私は不承不承、浮かしかけた腰を、椅子に落ち着けなおした。
普通のレストランとは違う。ここだけは誰かに連れて来てもらうことも、自分ひとりで来るのも無理だった。めったにない機会なんだから、こんなオトコのために無駄にすることはないわ。

「同じ金払うなら、うまいもの食った方がいいだろう?」
隣の男が音を立てて麺をすすりながら、ふてぶてしく嘯いた。
・・・・・・それも、その通りだわ。
私はフンと鼻を鳴らしながら、心の中でうなずいた。

確かにそうだわ・・・・・。
お金なんかじゃなくて、本当に、中身で比べて欲しいわ。
どんなに努力しても誰も認めてはくれない 「彼女は特別だから」「生まれが違うから」・・・それでおしまい。
・・・・別に構わない。「特別」で結構。
努力も過程も認めてもらおうなんて思わないわ。私は結果で自分を認めさせてみせる・・・・。


「おい、餃子来てるぞ・・・・・ お嬢様のお口には合わないかな・・・・・」
「いただきますわ。」
私はわざと乱暴に白い皮に箸を突き立てた。
ふっくらした厚い皮に覆われた乳白色の食品は やっぱり忌々しいくらいに美味しかった。

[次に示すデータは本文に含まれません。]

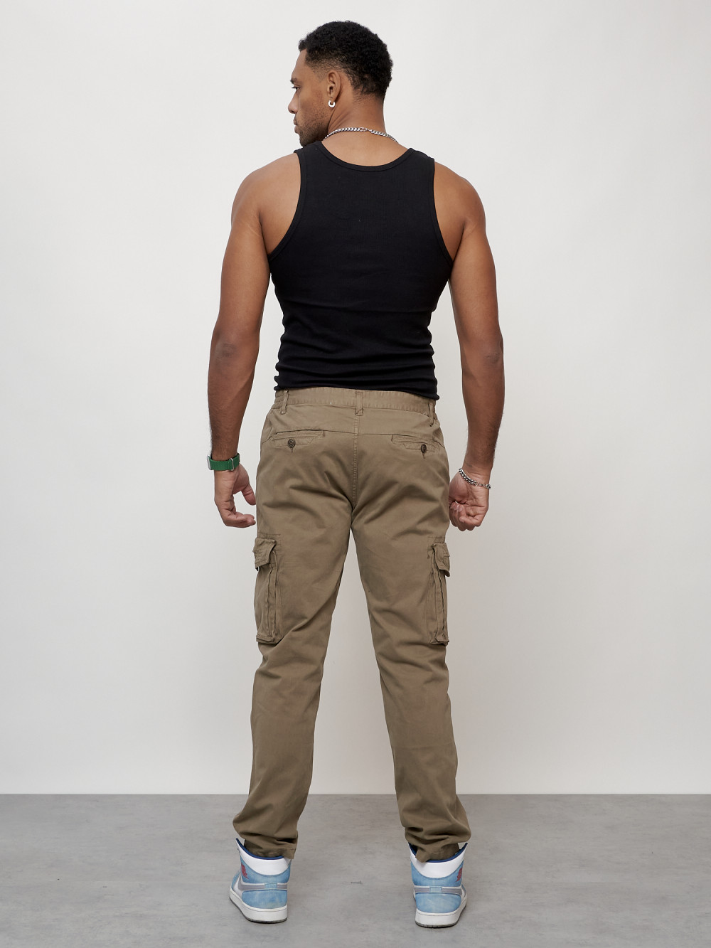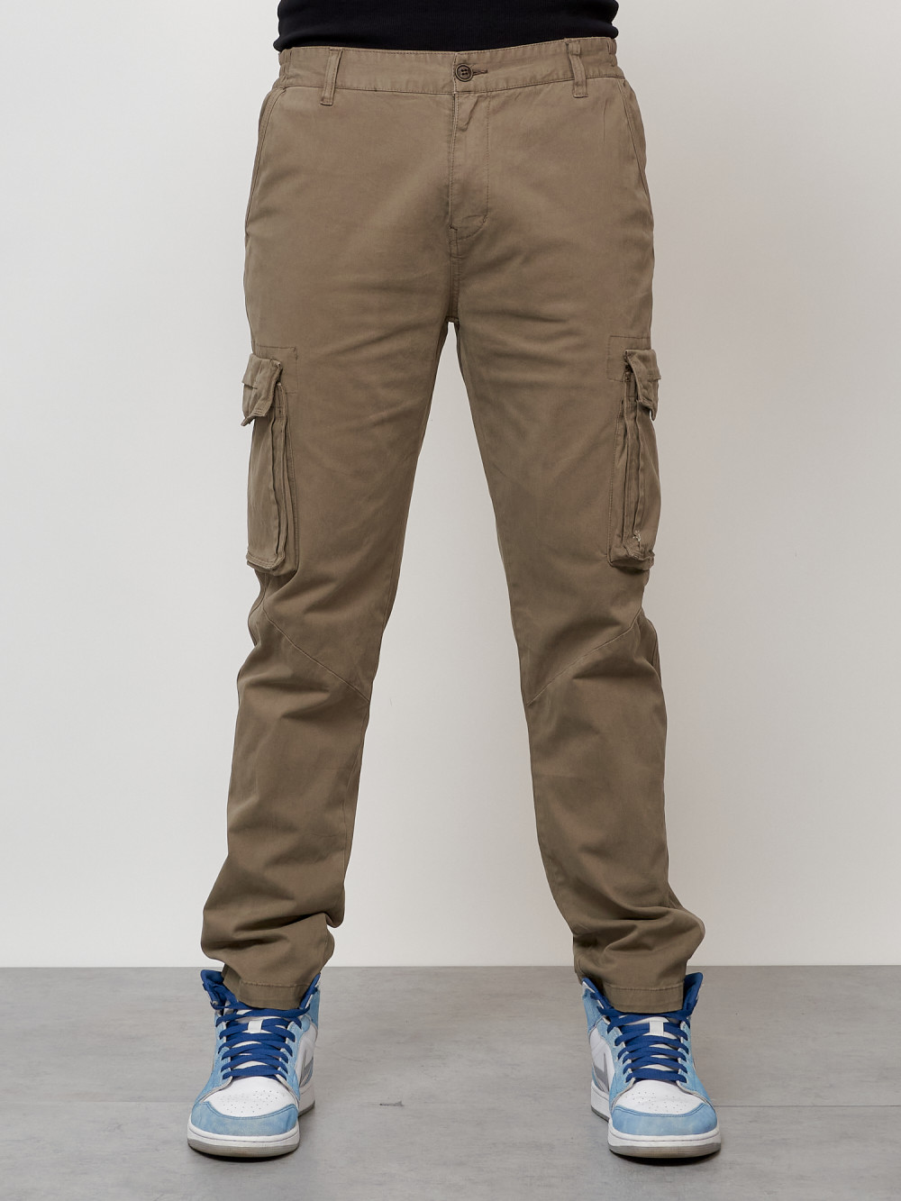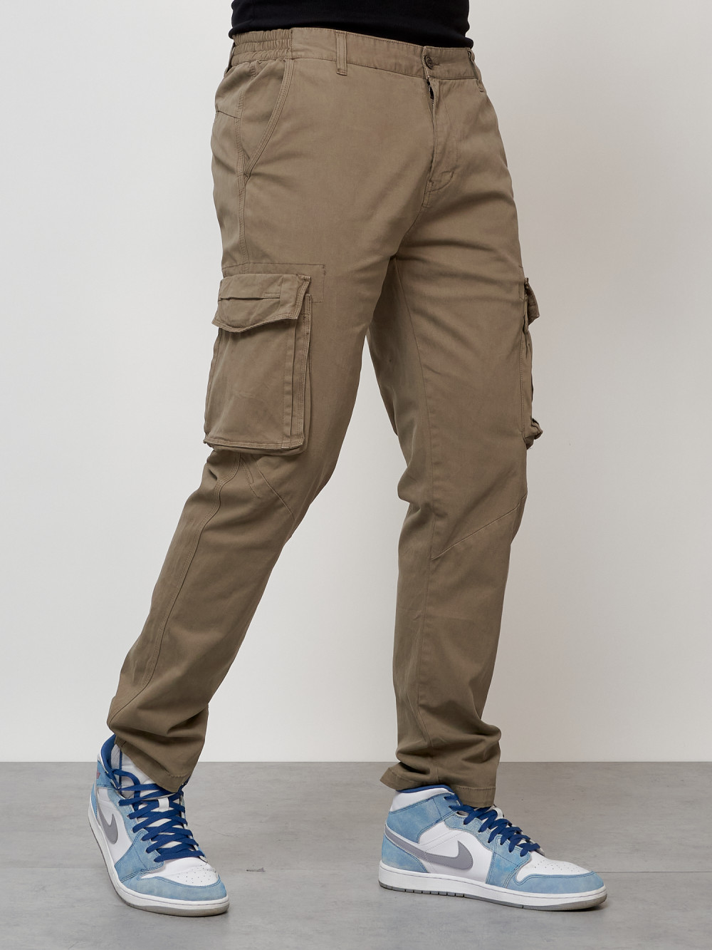 Джинсы карго мужские с накладными карманами бежевого цвета 2404B — Np

別れ際、オスカーはいつものからかうような笑顔で私にこう言った。

「安心しろよ。・・・社長には俺がうまく言っておくから。今日のことは気にしなくていい。」
「え?」
「結婚は本当に惚れた相手とするもんだ。立場なんかですると後悔する事になるぞ。・・・・ま、その前に、早く一人前のレディになることだな・・・・おっと・・・。」

思わず振り上げた手のひらは、あっさりと彼の手の中に捉えられた。

「・・・・・・・・・・・」

ゆっくりと手のひらが手繰り寄せられる。
きつく握られた手のひらが熱い。
私は負けるもんかと彼の顔を睨みつけた。
手繰り寄せた指先に素早く口付けると、オスカーは笑いながら私の手を離した。

「じゃあな・・・
ロザリアたちのことは心配するな。約束する。俺がちゃんと面倒を見る。
・・・そっちも悪い男に引っかからないように、せいぜい気をつけるんだな。 」

そう言って笑うと、オスカーは繁華街の街角に私を残したまま、さっさと人ごみの中に消えていった・・・・・・。




Oscar



土曜日の夜、携帯のベルが鳴った。
見慣れない番号に首をかしげながら受信ボタンを押すと
しばらくの沈黙の後、 「・・・・・私」と、 彼女の声がした。


「やぁ。・・・・どうしたんだ?」

「なんて返事したの?」
電話の向うで固い声が言った。
「何が?」
「とぼけないで!この間の件・・・・一応、お見合い・・・のつもりだったのよ、父は・・・・・」
「さぁ。昨日退職願を出してきたところだが、特にそんな話は出なかったが?」
「退職?」
驚いたように電話の向こうの声が繰り返した。


「・・・・・どうして辞めるの?まさかこの間の件が原因じゃないんでしょ?」
「おととしまで中東にいて、そこで現地の連中に協力して立ち上げた会社があるんだ。社長は撤退して株を現地の政府に売り飛ばすと言っている。そうなったらヤツらのやってきたことはすべて水の泡だ。・・・そんなことさせるわけにはいかない。」
「父には話したの?」
「一応話はした。・・・まぁ最初から無理だとは思っていたんだがな。」

「・・・・猫は?どうするの?」
「もちろん連れてゆくさ」
「これまでと違うのよ。子供が生まれるのに・・・そんな外国で、あなたちゃんと面倒見られるの?」
「見るしかないだろう?」


「何日?何時の便?行き先は?」
叩きつけるように電話の向うの声が聞いた。
「聞いてどうするんだ?」
「決まってるでしょう?あなたに任せておけるものですか!・・・・わたくしも・・・・・わたくしも行くのよ。」


「正気で言ってるのか?」
「冗談でこんなこと言えて?」
「学校はどうするんだ?高校生だろう?」
「大学受験の資格なら検定でとっくに取ってるわ。どこに行く気か知らないけれど、そこにも大学くらいはあるんでしょう?」
「猫のために家出する気か?」
「友達のために会社を辞める人にとやかく言われる筋合いはないわ。」
強い語調で切り返しながら、その声は震えていた。

「バカだな・・・・自分の立場が分かってるのか?」

『みぃ・・・・』
ふいに泣き声を上げると、部屋の隅の毛布の上からロザリアが身を起こした。
最近腹部が膨れて来るにつれて、身動きするのも億劫そうに見えたのに・・・・重そうな腹部を揺らしながらロザリアはよたよたと玄関に向かって歩き始めた。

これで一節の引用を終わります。